中國當下社會結構的深刻變革,正在重塑中國人的居住形態與生活方式。曾經「三代同堂」「兒孫繞膝」的傳統家庭模式,在現代化進程中逐漸瓦解。「死了麼」(官方1月13日正式宣布更名為全球化品牌「Demumn」)App的爆火,以一種近乎黑色幽默的方式,撬開了生死議題的公共討論空間。

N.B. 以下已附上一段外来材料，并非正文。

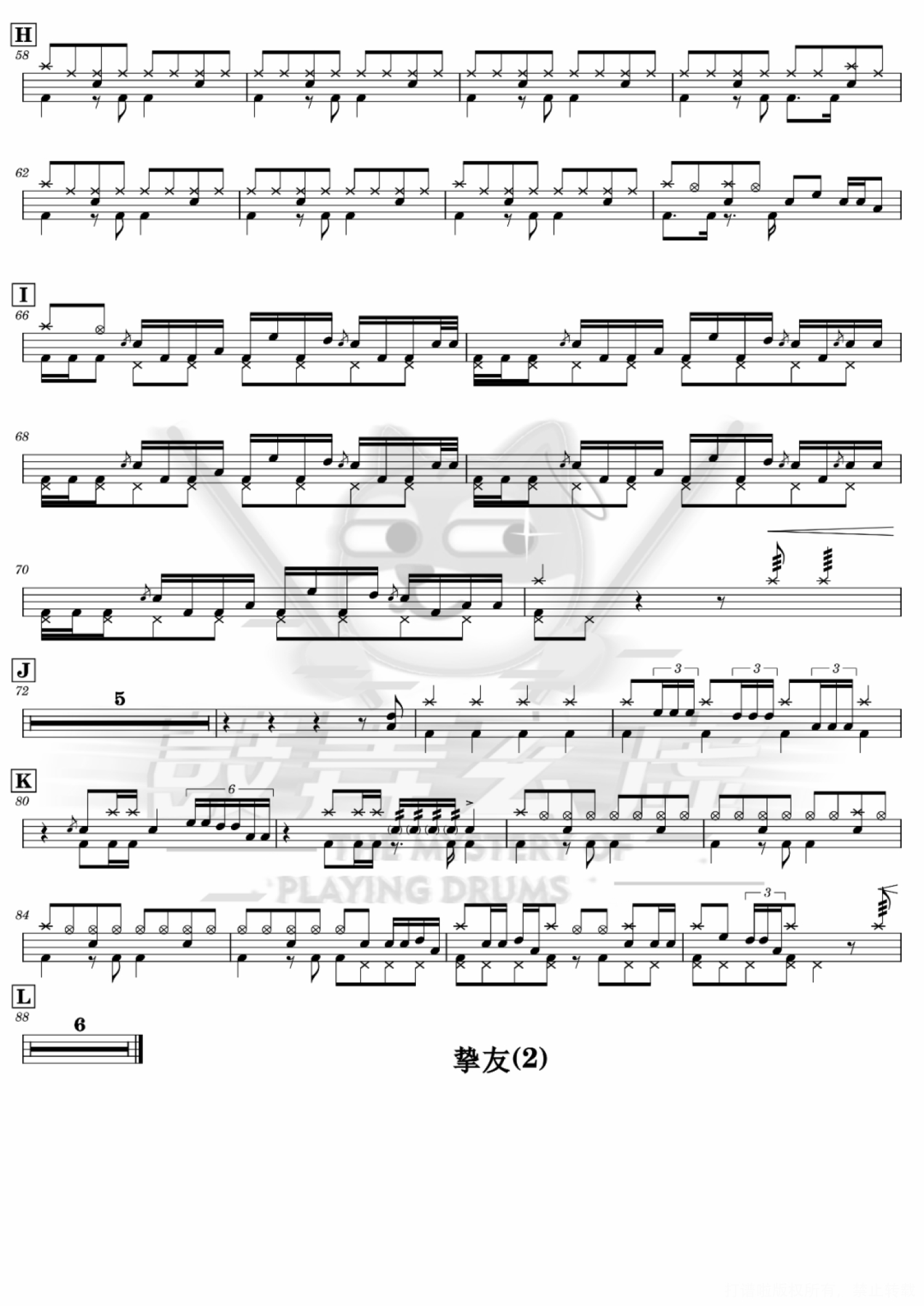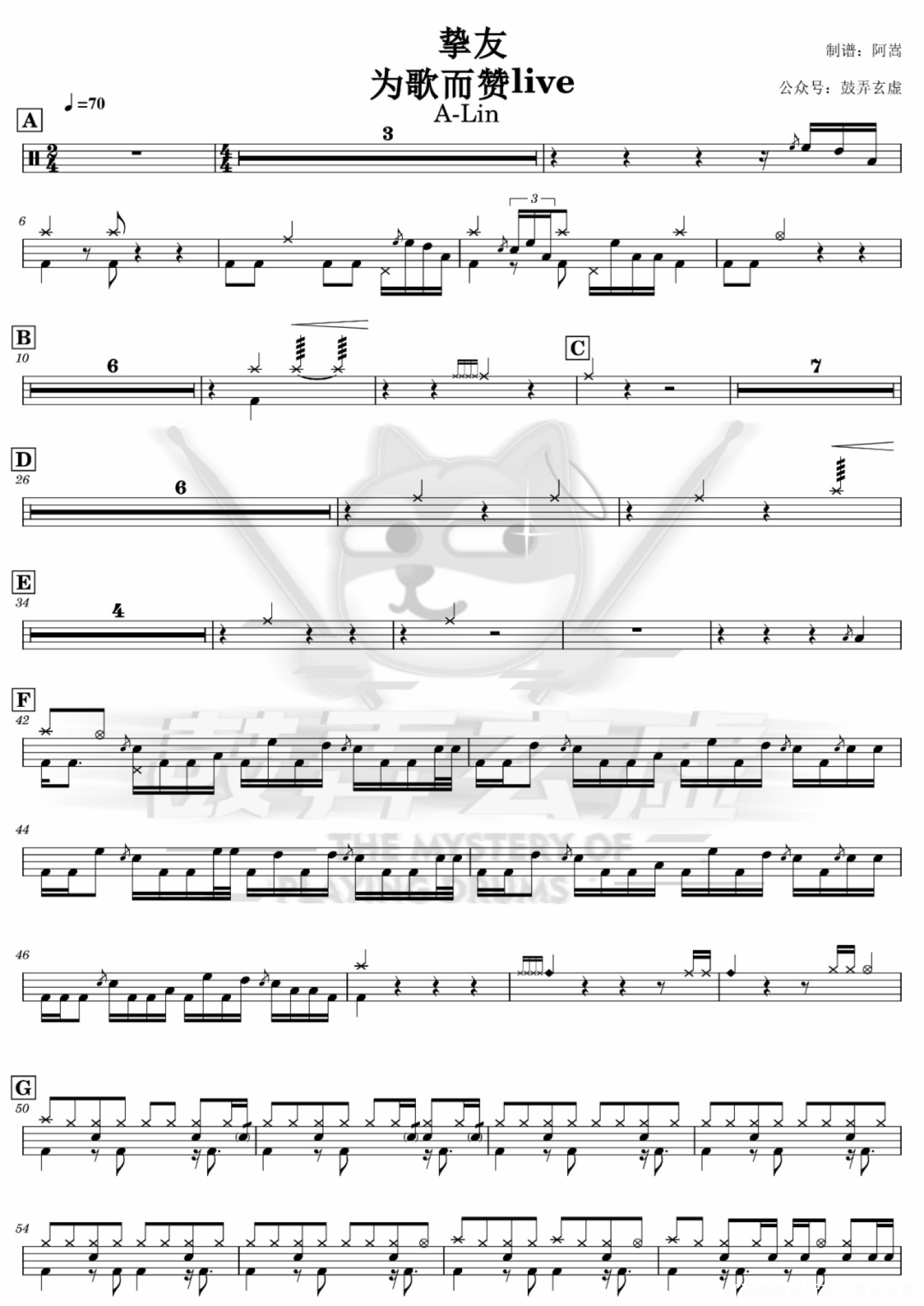 曲谱介绍: A-Lin《挚友》架子鼓谱,鼓弄玄虚编配出品,共有2张高清图谱,免翻页排版设计。

生死學者彭小華直言,這款App的走紅絕非偶然,恰恰在於它精準切中了人們內心深處對獨居風險、生命終點的真切擔憂。
六個家庭中一戶獨居
直白到近乎「冒犯」的命名,既契合了年輕人玩梗傳播的社交屬性,又以獨樹一幟的犀利姿態,打破了傳統文化中對死亡諱莫如深的禁忌。憑借這一特質,它無需一分錢廣告費,便收穫了全社會乃至全球範圍的關注。在彭小華看來,這款產品的價值遠不止於工具本身—它為長期缺乏討論契機的生死話題,提供了一個公共入口,讓社會大眾在好奇心的驅動下,開始正視死亡課題,而這正是死亡教育的第一步。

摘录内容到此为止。